İsrail, bu saldırganlık için gerekli güç ve cesareti, eylemlerinin, saldırganlığının cezasız kalacağını bilmesinden alıyor. Neden cezasız kalıyor? Çünkü İsrail’e yapılacak en ufak bir ciddi saldırıda ABD, İsrail’e saldıracak devlete savaş açmaya hazır bekliyor. Başka bir ifadeyle söylersek, İsrail’e saldırmak demek, devletler arası topyekun bir 3. dünya savaşının fitilini ateşlemek anlamına gelecek.
Suriye bunu biliyor. Bu yüzden, İsrail’in neredeyse aylık, hatta haftalık alışılmış saldırılarına hiç bir karşılık vermeden, kendisine yapılanları sineye çekiyor. Rusya bunu biliyor bu yüzden, Rus yolcu uçağını siper alarak saldırı yapan, böylelikle yolcu uçağının düşürülmesine yol açan İsrail’e sesini çıkarmadı.
İsrail’in yeni bir dünya savaşını kışkırttığını dünya alem biliyor. Fakat İsrail’in bu yolda yalnız ve tek olmadığını bilmekte yarar var. Türkiye, böyle bir savaşın kışkırtılmasını, İran üzerinden değil ama İran dışında sayısız devlet üzerinden yapıyor. Suriye ilk akla gelendir. Libya bir başka ülkedir. Azerbaycan üzerinden Kafkasya, Rusya’nın savaşa çekilmeye çalışıldığı yeni bir cephe hattıdır. Liste böyle uzayıp gidiyor.
Asıl soruya gelelim. Neden?
Soruya yanıt vermeden önce önemli bir noktayı tespit edelim. Ne İsrail, ne Türkiye kendi başlarına ve kendi hesaplarına böyle bir savaşı kışkırtmaya kalkışabilirler. Bunun için gerekli ne cesarete, ne olanağa ne de güce sahipler. Her iki devlet izledikleri saldırgan, kışkırtıcı politikalarında öncelikle ABD ve İngiltere’ye, bunlarla birlikte diğer emperyalist devletlere ve nihayetinde NATO’ya güveniyorlar. Kendilerine yönelecek bir saldırıda bu haydutlar çetesinin devreye gireceğini çok iyi biliyorlar.
Türkiye bir NATO devletidir, ordusu NATO ordusudur. Bütün komuta kademesi NATO’nun tedrisatından geçmiştir ve NATO’ya bağlılıkta en ufak bir şüphe yoktur. Türk ordusu, işgal ettiği topraklara, ayak bastığı her yere, örneğin Suriye ve Rojava topraklarına ya da Azerbaycan üzerinden ayak bastığı topraklara bir elinde kendi bayrağı, arka cebinde, her an açılmaya hazır, NATO bayrağıyla gidiyor.
İsrail’i söylemeye gerek yok. İran’ın Mohsin Fahrizade suikastinden İsrail’i sorumlu tutup misillemeden söz etmesi bile, İran’ı tehdit için, ABD’nin uçak gemisini Körfez’e yönlendirmesine yetti.

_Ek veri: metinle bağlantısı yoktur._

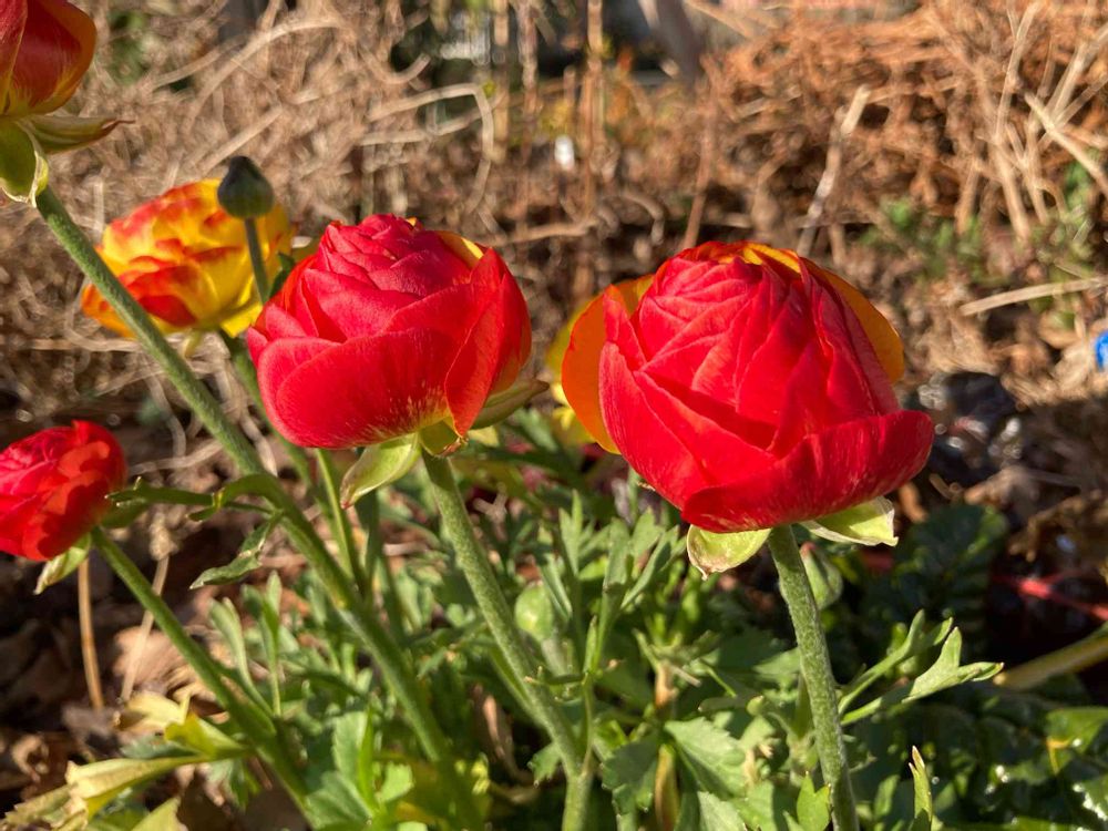 くクレタの輝きは、朝一番にはこのように赤い蕾をしています。昼の姿とは別人みたい。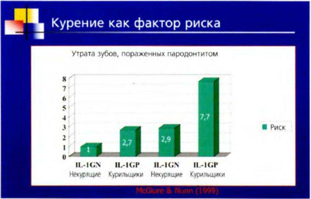 В последние годы подход к проведению пародонтологического лечения подвергся некоторым изменениям. В ряде исследований было показано, что пародонтит может быть обусловлен не только бактериями, но и генетической предраположенностью. Кроме того, известно, что курение усугубляет повреждение пародонта (рис. 4-5) и является одним из наиболее значимых факторов риска в пародонтологии и имплантологии (рис. 4-6).

İsrail, Türkiye ve bir ölçüde Katar üzerinden emperyalist-kapitalist devletlerin topyekun bir dünya savaşını kışkırtıp durmalarının nedeni, emperyalist-kapitalist sistemin çöküş sürecinde olmasıdır. Emperyalist-kapitalist devletlerin hegemon gücü olarak ABD, 2001’de dünya işçi sınıfı, emekçi sınıfları ve ezilen halklarına karşı başlattığı küresel iç savaştan istediği sonucu almak bir yana, tam tersi sonuçlarla karşılaştı. Yirmi yıllık küresel iç savaşta geldiği nokta, hegemonyasını kaybetmek ve dahası kendi topraklarında emekçi sınıfların iç savaşıyla karşılaşmak oldu.
Sadece ABD de değil. Fransa’da nasıl bir isyan-ayaklanma havasının estiğini görüyoruz. Covid-19 pandemisi, emperyalist-kapitalist sistemin çöküşüne olağanüstü bir hız kattı. Emperyalist-kapitalist egemenliğe karşı her yerde ayaklanmalar, isyanlar ortaya çıkıyor ve bu durum neredeyse kesintisiz biçimde sürüyor.

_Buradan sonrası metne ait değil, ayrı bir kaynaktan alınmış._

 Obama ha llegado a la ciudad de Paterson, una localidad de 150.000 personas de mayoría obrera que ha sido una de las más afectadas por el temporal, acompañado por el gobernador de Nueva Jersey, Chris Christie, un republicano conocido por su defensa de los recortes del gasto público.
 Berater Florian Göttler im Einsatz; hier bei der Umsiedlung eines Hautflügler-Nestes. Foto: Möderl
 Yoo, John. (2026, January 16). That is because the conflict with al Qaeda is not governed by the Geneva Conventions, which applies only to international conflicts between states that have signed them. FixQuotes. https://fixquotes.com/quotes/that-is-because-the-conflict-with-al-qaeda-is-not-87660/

Emperyalistler, küresel iç savaştan sonuç alamadılar. Şimdi, İsrail gibi finolarını ileri sürerek devletler arası bir 3.Dünya Savaşı çıkartarak çöküşün önüne geçmeye çalışıyorlar.
Çabaları boşuna! Tarihin komünizme akışını durduramazlar; durduramayacaklar!

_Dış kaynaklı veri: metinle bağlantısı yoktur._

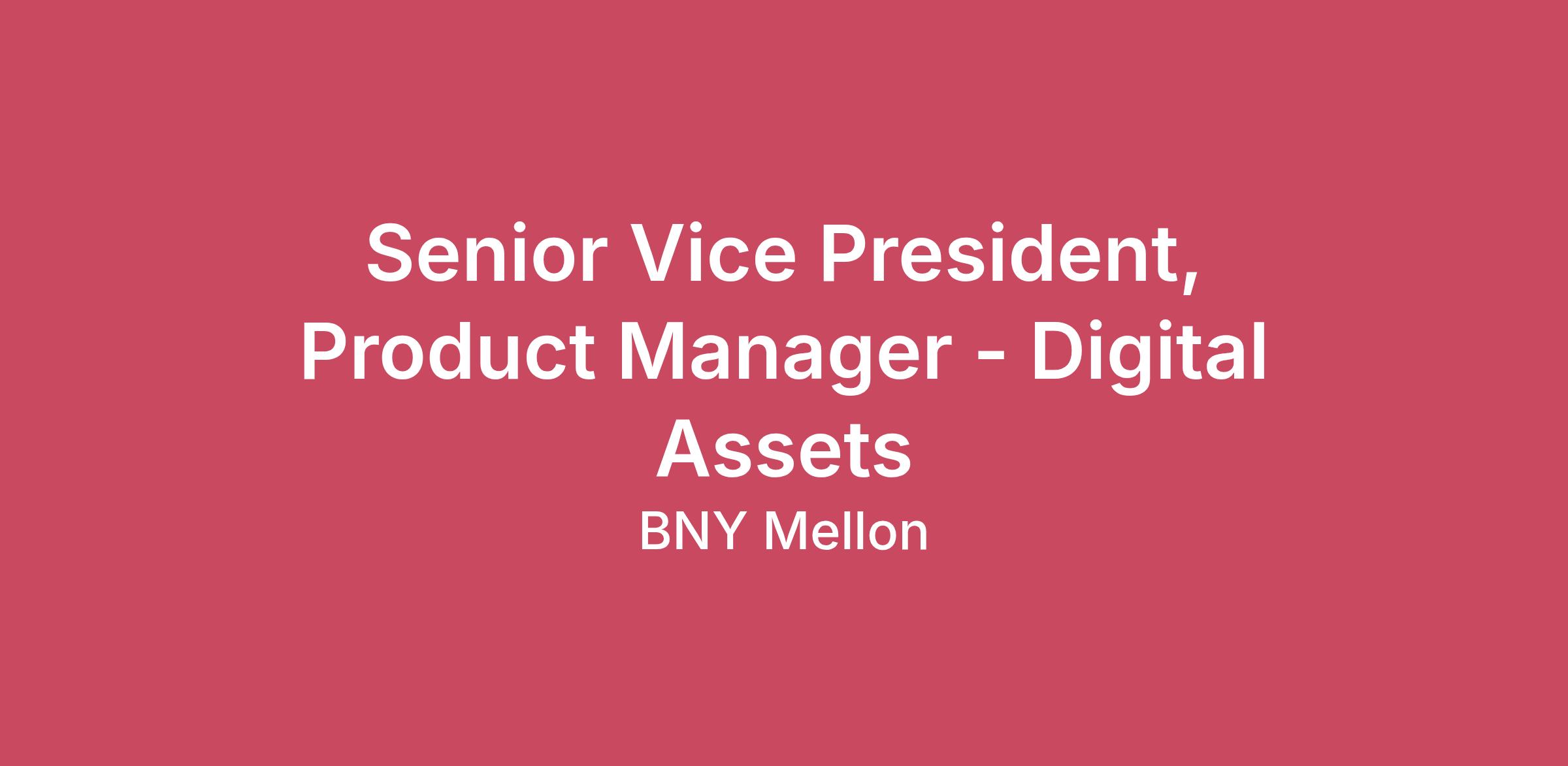 DescriptionSenior Vice President, Product Manager - Digital AssetsAt BNY, our culture allows us to run our company better and enables employees’ growth and success. As a leading global financial services company at the heart of the global financial system, we influence nearly 20% of the world’s investible assets. Every day, our teams harness cutting-edge AI and breakthrough technologies to collaborate with clients, driving transformative solutions that redefine industries and uplift communities worldwide.Recognized as a top destination for innovators, BNY is where bold ideas meet advanced technology and exceptional talent. Together, we power the future of finance – and this is what #LifeAtBNY is all about. Join us and be part of something extraordinary.We’re seeking a future team member for the role of Senior Vice President, Product Manager to join our Digital Assets team. This role is located in New York, NY. Job Overview: We are seeking a Senior Product Manager to lead initiatives for BNY’s digital asset business. The candidate will take end-to-end-ownership of bringing new products and services to market by defining product strategy, leading design, project planning and execution efforts. The ideal candidate possesses a deep understanding of financial market structure, blockchain-based technology, traditional financial services and delivering product in under an agile framework. In this role, you’ll make an impact in the following ways: Strategy: Help define the near and long-term product strategy, through deep industry engagement, market analysis and understanding emerging trends Ensure product alignment with BNY’s mission and principles Help shape industry best practices Product Design: Translate client needs into commercial product solutions Craft product roadmap to ensure incremental and prompt product delivery Commercial Analysis Understand the regulatory environment and product feasibility Define target client segment and go-to-market strategy Conduct competitive market research and analysis Collaboration Engage with cross-functional subject matter experts Communicate effectively to stakeholders at all levels Adhere to product governance framework Performance Metrics: Establish support model across the product lifecycle Track product performance across operational, technical and commercial indicators Collect client and internal feedback for continuous product improvement Demonstrated Skills, Experiences: Industry Knowledge: Deep understanding of cryptocurrencies, blockchain technology, and the digital asset landscape. Experience blockchain and traditional settlement. Curiosity: Demonstrated curiosity for all things blockchain Self-motivated: Proactively identifies new opportunities or challenges; takes ownership of outcomes Collaborative: Strong leadership capabilities with experience working within complex, matrixed organizations to deliver on goals Analytical Skills: Proficiency in data analysis and performance metrics to drive decision-making Customer Focus: Obsessed about delivering value to clients, understanding client pain points and identifying new opportunities. To be successful in this role, we’re seeking the following: Bachelor’s degree or equivalent 7-10 years relevant industry experience in digital assets, trading, custody or financial services product management. Must exhibit flexibility and be able to quickly adapt to a fast-paced, dynamic and sometimes ambiguous environment where new challenges arise and priorities shift. Must be detailed oriented, with experience writing functional and non-functional business requirements and/or user stories. Excellent communication and documentation skills; ability to translate technical concepts for non-technical stakeholders. Proficiency in tools such as JIRA, Confluence, and Microsoft Office Suite. At BNY, our culture speaks for itself, check out the latest BNY news at:BNY NewsroomBNY LinkedIn Here’s a few of our recent awards: America’s Most Innovative Companies, Fortune, 2025World’s Most Admired Companies, Fortune 2025“Most Just Companies”, Just Capital and CNBC, 2025Our Benefits and Rewards: BNY offers highly competitive compensation, benefits, and wellbeing programs rooted in a strong culture of excellence and our pay-for-performance philosophy. We provide access to flexible global resources and tools for your life’s journey. Focus on your health, foster your personal resilience, and reach your financial goals as a valued member of our team, along with generous paid leaves, including paid volunteer time, that can support you and your family through moments that matter. BNY is an Equal Employment Opportunity/Affirmative Action Employer - Underrepresented racial and ethnic groups/Females/Individuals with Disabilities/Protected Veterans. BNY assesses market data to ensure a competitive compensation package for our employees. The base salary for this position is expected to be between $104,000 and $200,000 per year at the commencement of employment. However, base salary if hired will be determined on an individualized basis, including as to experience and market location, and is only part of the BNY total compensation package, which, depending on the position, may also include commission earnings, discretionary bonuses, short and long-term incentive packages, and Company-sponsored benefit programs. This position is at-will and the Company reserves the right to modify base salary (as well as any other discretionary payment or compensation) at any time, including for reasons related to individual performance, change in geographic location, Company or individual department/team performance, and market factors.

----------------------------------------
Dün yazı tamamlandıktan sonra "Trump, Pompeo'ya 3. Dünya Savaşı çıkarmadan İran'a baskıyı artırma izni verdi" başlıklı haber yayımlandı internette. Dünyayı büyük bir yıkım savaşının eşiğine taşıyan bilinçli politikaların bir örneğini daha böylece görmüş olduk.